## Supplied information
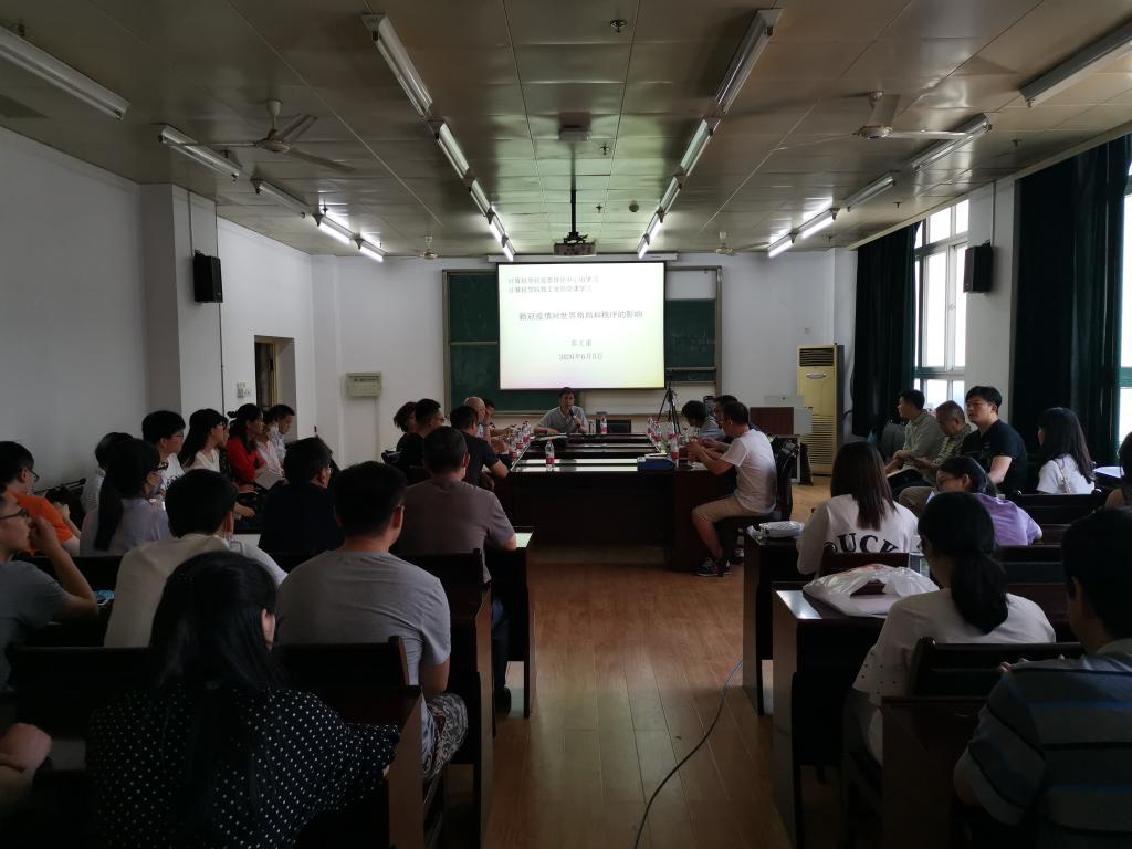 6月5日上午,副校長蘇文甫以《新冠疫情對世界格局和秩序的影響》為題,在雁塔校區(qū)2教402室為計算機學(xué)院全體教工黨員講授專題黨課。計算機學(xué)院黨委書記蔡建文主持本次黨課學(xué)習(xí)。
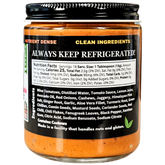 Wine Tomatoes, Distilled Water, Tomato Sauce, Lemon Juice, Avocado Oil, Red Onions, Cashews, Jaggery, Himalayan Pink Salt, Ginger Root, Garlic, Aloe Vera Fillet, Turmeric Root, Green Chillies, Cumin Seeds, Mustard Seeds, Coriander Seeds, Red Chilli, Chili Flakes, Fenugreek Leaves, Black Pepper, Xanthan Gum, Citric Acid, Sodium Benzoate, Sodium Citrate.
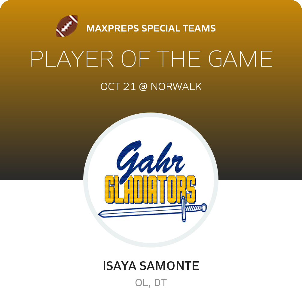October 21, 2022: Norwalk, CA 90650 In Friday's league game, the Gahr Gladiators (Cerritos, CA) football team knocked off the host Norwalk Lancers (Norwalk, CA), by a final score of 26-6.
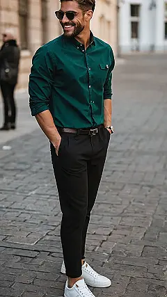 This guy is rocking the “effortlessly cool” look! Just look at him, strutting down the street in a stylish emerald green shirt. It’s like he’s saying, “Hey, I’m cool, I’m confident, and I know how to put together a killer outfit!” The black pants and white sneakers are classic choices that go with anything, but that green shirt really makes him stand out.

## Problem statement
Omit the images; transcribe the listing verbatim.

## Task response
 6月5日上午,副校長蘇文甫以《新冠疫情對世界格局和秩序的影響》為題,在雁塔校區(qū)2教402室為計算機學(xué)院全體教工黨員講授專題黨課。計算機學(xué)院黨委書記蔡建文主持本次黨課學(xué)習(xí)。
 Wine Tomatoes, Distilled Water, Tomato Sauce, Lemon Juice, Avocado Oil, Red Onions, Cashews, Jaggery, Himalayan Pink Salt, Ginger Root, Garlic, Aloe Vera Fillet, Turmeric Root, Green Chillies, Cumin Seeds, Mustard Seeds, Coriander Seeds, Red Chilli, Chili Flakes, Fenugreek Leaves, Black Pepper, Xanthan Gum, Citric Acid, Sodium Benzoate, Sodium Citrate.
October 21, 2022: Norwalk, CA 90650 In Friday's league game, the Gahr Gladiators (Cerritos, CA) football team knocked off the host Norwalk Lancers (Norwalk, CA), by a final score of 26-6.
 This guy is rocking the “effortlessly cool” look! Just look at him, strutting down the street in a stylish emerald green shirt. It’s like he’s saying, “Hey, I’m cool, I’m confident, and I know how to put together a killer outfit!” The black pants and white sneakers are classic choices that go with anything, but that green shirt really makes him stand out.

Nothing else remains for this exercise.